Вот гроза-то была, так это Илья-Пророк сердится на черта, он в его-то молнию и пускает, чтоб черта найти. Нельзя на улице быть, черт может войти, а Илья-Пророк молнией его и убьет. В дерево, в дом может прятаться. Вот двери и окна в доме надо зааминить, чтобы черт не вошел. И зеркало завесить надо, а то черт в нем объявится (Новгородскай обл., Старорусский район, Виджа, 1990).
Черти часто заводят, на камень садят, как на печку, и замерзнет. Пьяных с дороги заводили. Уложит спать на холодное место, чтоб окочурились.
Вот мужик был, так водку любил. Вот был пьяненькой, так черт его вел, вел, да к речке и привел, и говорит: «Ложись, мол, вот печь». Наутро мужик проснувши, а лежит на каменье.

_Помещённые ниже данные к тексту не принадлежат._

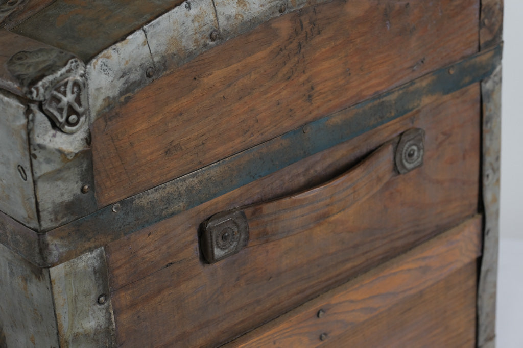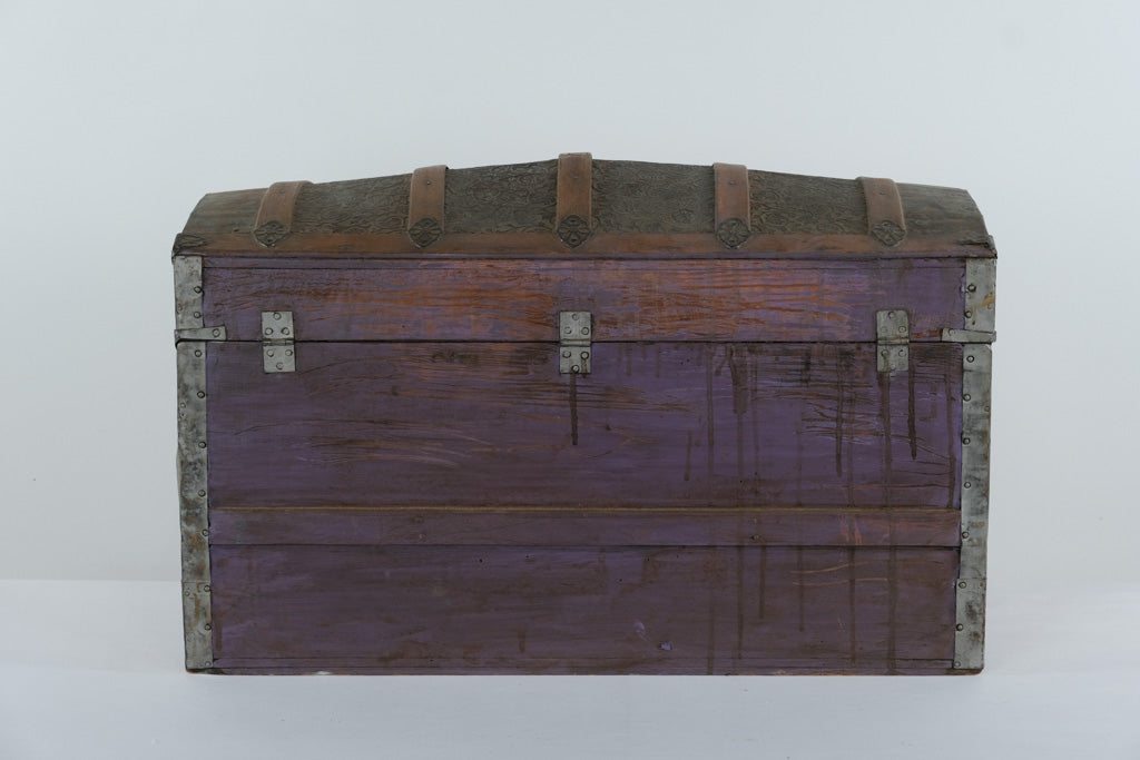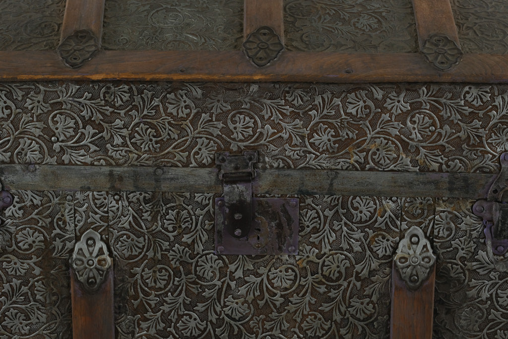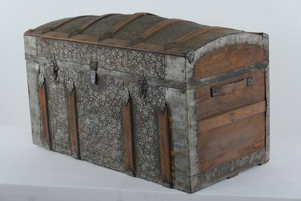 This is a beautiful antique dome top steamer trunk, featuring decorative embossed tin panels with a floral motif, accented by hardwood slats and ornate metal hardware. The trunk has its original side leather handles (aged), front latches, and a domed top design that makes it stand out as a true period piece.

Черти с рогом, с хвостом, всякие. Черта раз заковали, так каждое колечко с аминью заковывали, а то все рвал цепь-то.
Теперь черт далече ушодца, и не найдешь (Новгородская обл., Старорусский район, Виджа, 1990).

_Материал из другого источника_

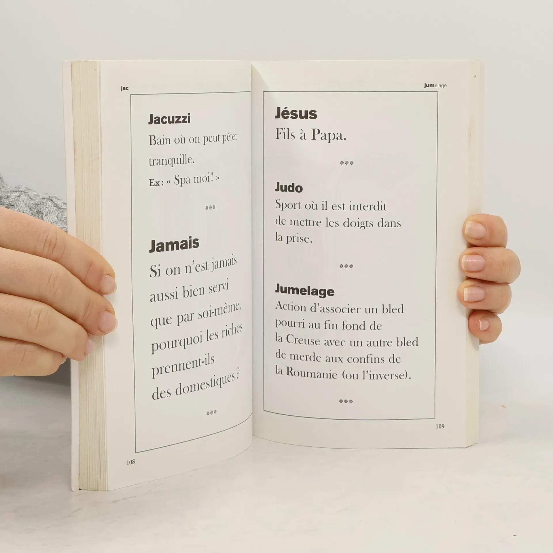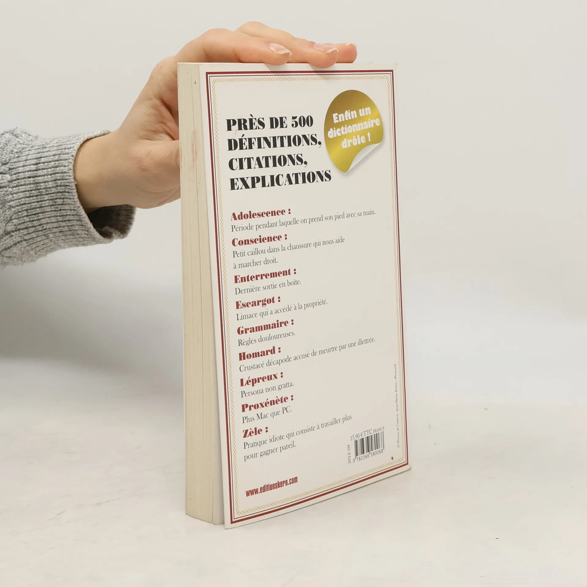 Enfin un dictionnaire drôle ! Près de 500 définitions, citations, explications. Adolescence : Période pendant laquelle on prend son pied avec sa main. Conscience : Petit caillou dans la chaussure qui nous aide à marcher droit. Enterrement : Dernière sortie en boîte. Escargot : Limace qui a accédé à la propriété. Grammaire : Règles douloureuses. Homard : Crustacé décapode accusé de meurtre par une illettrée. Lépreux : Persona non gratta. Portier : Ouvre-boîte. Zèle : Pratique idiote qui consiste à travailler plus pour gagner pareil.

Вечером поздно в баню нельзя было ходить, черти шайками забросают. И в праздники не ходят.
Парень с армии пришел, говорит мальчишкам: «Пойдемте со мной в байну». Свистнул три раза. Как пришли и начали его парить! Мальчишки прибежали, струсили, говорят, там Лешку черти парят (Новгородская обл., Старорусский район, Святогорша, 1990).
Бабка одна рассказывала. Пошла она раз в баню, начала мыться, а из-за каменки как полезли беси, разноцветнее такие. Сначала серые, потом стали синие, маленькие такие, с ладошку, а потом красные полезли и начали ею кусать. А у ее нога больная была, как костыль. А после того все прошло, как не бывало (Новгородская обл., Старорусский район, Гривы, 1990).
В третий пар, говорят, черти моются. Отец пошел мыться, а в байне хвощутся, парятся. «Заходи, заходи, — кричат,— мы тебя попарим!» Хто там парится? Все давно ушод с байни, это черти оставши (Новгородская обл., Любытинский район, Ковриг, 1986).
И леший такой же черт. Они везде, их много видов. Они и с хвостиком, и с крылышком, и без спины, в любом обличьи выйдут, и в человечьем, може сосед, ан нет, будто что-то неладно. Хоть в кого может превратиться. И летучие есть.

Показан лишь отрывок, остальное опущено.